Di sisi lain, saya dan sahabat yang mengunjungi Museum Sri Baduga pada Selasa, 6 Juni 2023, cukup terkejut karena lapangan parkir yang ada di pojok kiri terlihat kosong melompong. Hanya ada beberapa kendaraan bermotor dan beberapa mobil yang saya duga kendaraan milik karyawan museum tersebut. Mungkin karena ini hari kerja, jadi tidak banyak yang berkunjung?

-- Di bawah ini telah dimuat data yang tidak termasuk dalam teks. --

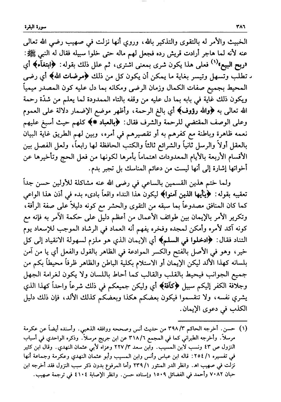 الخبيث والأمر له بالتقوى والتذكير بالله ، وروي أنها نزلت في صهيب رضي الله تعالى عنه لأنه لما هاجر أرادت قريش رده فجعل لهم ماله حتى خلوا سبيله فقال له النبي ( صلى الله عليه وسلم ) : ( ربح البيع ) فعلى هذا يكون شرى بمعنى اشترى ، ثم علل ذلك بقوله : ( ابتغاء ) أي تطلب وتسهل وتيسر بغاية ما يمكن أن يكون كل من ذلك ) مرضات الله ) أي رضى المحيط بجميع صفات الكمال وزمان الرضى ومكانه بما دل عليه كون المصدر ميمياً ويكون ذلك غاية في بابه بما دل عليه من وقفه بالتاء الممدودة لما يعلم من شدّة رحمة الله تعالى به ) والله رؤوف ) أي بالغ الرحمة ، وأظهر موضع الإضمار دلالة على العموم وعلى الوصف المقتضي للرحمة والشرف فقال : ( بالعباد ( كلهم حيث أسبغ عليهم نعمه ظاهرة وباطنة مع كفرهم به أو تقصيرهم في أمره ، وبين لهم الطريق غاية البيان بالعقل أولاً والرسل ثانياً والشرائع ثالثاً والكتب الحافظة لها رابعاً ، ولعل الفصل بين الأقسام الأربعة بالأيام المعدودات اهتماماً بأمرها لكونها من فعل الحج وتأخيرها عن أخواتها إشارة غلى أنها ليست من دعائم المناسك بل تجبر بدم .

TIKET DAN TATA CARA MASUK MUSEUM
Setelah menyimpan motor di parkiran, kami langsung bertanya kepada satpam yang sedang berjaga di depan perihal pembelian tiket. Berkat informasi dari satpam yang ramah tersebut, saya tahu bahwa pembelian tiket tepat ada di tengah-tengah gedung. Saat masuk ke lingkungan Museum Sir Baduga, kami tinggal berjalan lurus. Di sana akan ada loket pembelian tiket.
“Harga tiketnya berapa, Pak?” tanya teman saya.
“Tiga ribu rupiah, Kak,” jawabnya ramah.
Jujur, saya terbengong saat pengurus tiket menyebutkan harga tiket. Jauh di bawah harga-harga wisata Bandung yang rata-rata dipatok 20 ribu ke atas. Apa mungkin peminat miseum sedikit sehingga harga tiketnya murah? Atau karena memang tempat budaya, pemerintah sengaja menyediakan harga tiket yang murah? Apa pun itu, saya justru senang dengan harga tiket yang pas dikantong. Jika biasanya uang tiga ribu rupiah saya belikan gorengan atau minuman manis di depan kosan, kini bisa saya pakai masuk museum yang jelas memberikan manfaat untuk saya.
Dokumen Pribadi |
Setelah selesai melakukan pembelian tiket, kami diberi dua lembar tanda pembelian tiket. Di tiket itu pula dituliskan beberapa peraturan selama di museum. Di antaranya: tidak diperkenankan membawa makanan dan minuman, tidak membawa tas, dan tidak berlarian di ruang pamer dan auditorium. Sementara secara umum, kita yang berkunjung ke sana tidak diperkenankan untuk memfoto menggunakan flash, serta tidak menyentuh barang yang ada di museum.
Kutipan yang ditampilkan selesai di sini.